Omurga/omurilik tümörleri iyi huylu (kanserli olmayan) veya kötü huylu (kanserli) olabilmektedir. Birincil tümörler omurga veya omurilikte ortaya çıkarken metastatik veya ikincil tümörler kanserin başka bir bölgeden omurgaya yayılması sonucu ortaya çıkmaktadır.
Omurga tümörleri iki farklı şekilde ele alınmaktadır:
- Tümörün meydana geldiği omurga bölgesine göre. Temel alanlar: Servikal, torakal, lomber ve sakrum
- Spinal kanal içerisindeki konumuna göre.
- İntradural-ekstramedüller: Tümör, omurilik zarının (dura) içerisinde ancak omuriliğin dışında bulunmaktadır. Bu tip tümörlerin en yaygın olanları; meningiomlar, schwannomlar, nörofibromlar ya da filum terminale ependimomlarıdır. Meningiomlar ve sinir kökü tümörleri (schwannomlar) genellikle iyi huyludur. Nörofibromlar ise zaman içerisinde kötü huylu hale gelebilmektedir. Omuriliğin bittiği bölgedeki (ucundaki) ependimomların boyutlarının büyük boyutlu olabilmesi, sinir lifleri ile yakın komşuluk göstermesi sebebiyle çıkarılması zor olabilmektedir.
- İntramedüller: İntramedüller tümörler omuriliğin içerisinde bulunan tümörlerin adıdır. Tipik olarak omuriliğin içerisinde bulunan glia hücrelerinden veya ependimal hücrelerden türemektedirler. Astrositomlar ve ependimomlar en yaygın görülen iki tiptir. Astrositomlar daha çok servikal ve torasik bölgede görülmektedir. Ependimomlar sıklıkla servikal bölgede yerleşmektedir. İntramedüller lipomlar en çok servikotorasik omurilikte bulunan nadir konjenital tümörler arasındadır. Omuriliğin içerisinde yer almaları bu tümörlerin cerrahisini zor kılmaktadır.
- Ekstradural: Ekstradural tümörler, omuriliği çevreleyen zar olan duranın dışında bulunmaktadır.

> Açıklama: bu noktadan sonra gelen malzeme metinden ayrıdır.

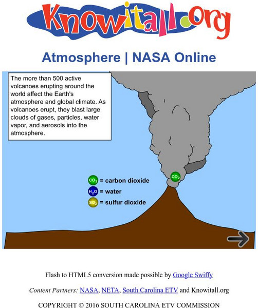 An interactive look at our atmosphere and factors which affect planet Earth. NASA measurements of volcanic eruptions, toxic emissions, aerosols, and wind patterns are all graphically displayed. Basic text plus bold visuals make this...
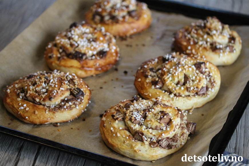 Her har jeg laget store, luftige snurrer som er fylt med smør og masse hakket Kvikk Lunsj-sjokolade. På toppen har jeg drysset hakkede mandler og perlesukker.
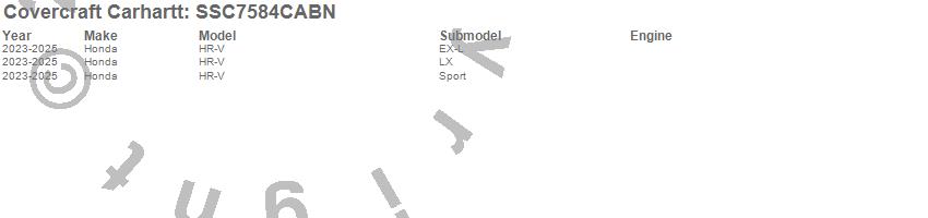 Below is an abbreviated list of applications for the Covercraft Carhartt SeatSaver.HR-V, Honda, 2026, 2025, 2024, 2023
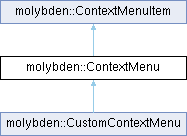 Public Member Functions inherited from molybden::ContextMenuItem | |
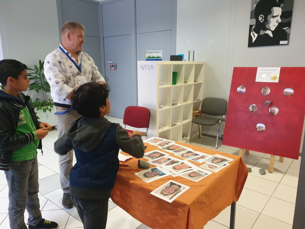 Frau Behet konnte Herrn Port vom Blieskasteler Schutzengelverein einen Scheck über 3456,50€ überreichen. Diesen Betrag hatte die Schulgemeinschaft beim Schutzengellauf im Mai 2019 erlaufen. Danke an alle Sponsoren für die schöne Summe, damit hat die GSS bei den bisherigen neun Schutzengelläufen mehr als 50000€ erlaufen. In diesem Kontext stellten einige Schüler der Ethikgruppen das Projekt Demokratie, Toleranz und Nachhaltigkeit vor, das unter der Leitung von Herrn Peters in den nächsten Monaten an der Schule durchgeführt wird. Darüber wird noch zu berichten sein. Im Rahmen einer Siegerehrung überreichte Herr Weyrauch die Ehrenurkunden vom Sportfest. Aber wer war der neue Mitschüler oder die neue Lehrkraft, die am Eingang winkend unsere Gäste begrüßte?
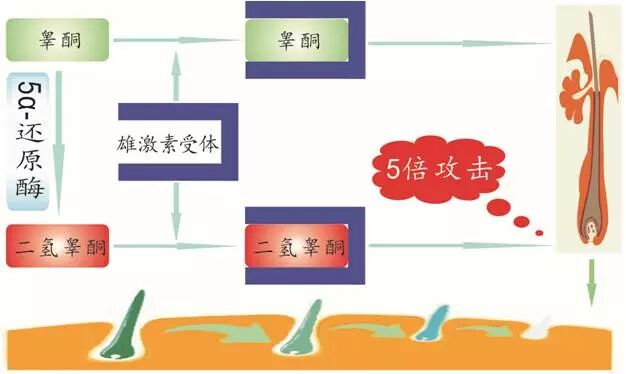 雄激素中的睾酮在5α-还原酶的作用下形成二氢睾酮,二氢睾酮会抑制毛乳头的生长发育,干扰毛囊细胞的生长代谢,从而引脱发。

Bu bölgede sıklıkla yerleşen lezyonlar genellikle başka bir kanserden bu bölgeye yayılan metastatik lezyonlardır. Kanser hastalarının en az %30’unda kanserin omurgaya yayılacağı tahmin edilmektedir. En yaygın birincil omurga tümörü vertebral hemanjiyomlardır. Bunlar iyi huylu lezyonlar olup nadiren ağrı gibi semptomlara neden olmaktadırlar. Omurgaya yayılan birincil kanserler arasında akciğer, meme ve prostat kanserleri yer almaktadır. Erkeklerde akciğer kanseri, kemiğe metastazın en sık karşılaşıldığı kanser türü olup kadınlarda meme kanseri en sık omurga metastazı yapan kanser türü olarak karşımıza çıkmaktadır. Omurgaya yayılan diğer kanserler; multipl miyelom, melanom ve sarkomun yanı sıra gastrointestinal sistem, böbrek ve tiroid kanserleridir.
Omurga/omurilik tümörlerinde izlem, cerrahi tedavi, radyoterapi ve kemoterapi uygulanmaktadır. Bazı durumlarda cerrahi öncesi iğne biyopsisi yada açık biyopsi gerekebilmektedir. Cerrahi tedavide tümör dokusu tamamen yada kısmen çıkarılmaktadır. Bu konudaki karar hasta ile işbirliği içerisinde doktorunuz tarafından verilmektedir. Karar verilirken göz önünde bulundurulan kriterler; tümörün tipi, yayılımı, kötü-iyi huylu olması, kemo-radyoterapiye hassas olup olmaması, nörolojik risk oranı ve beklenen yaşam süresi gibi kriterlerdir. Tümörün yada cerrahinin omurgada yaratacağı etkiler göz önünde bulundurularak omurganın metalik implantlar ile sabitlenmesi gerekebilmektedir.
İyi huylu ve küçük lezyonlar düzenli aralıklarla çekilen manyetik rezonans görüntüleme ile (MR) yakın takip edilebilir.
Omurganın bazı iyi huylu lezyonlarında, tümör çıkarılmasını takiben oluşan kavite kemik çimentosu ile doldurularak tedavi edilebilmektedir.
Cerrahi sonrası hastaların bir kısmının fizik tedavi ve rehabilitasyon alması gerekebilmektedir.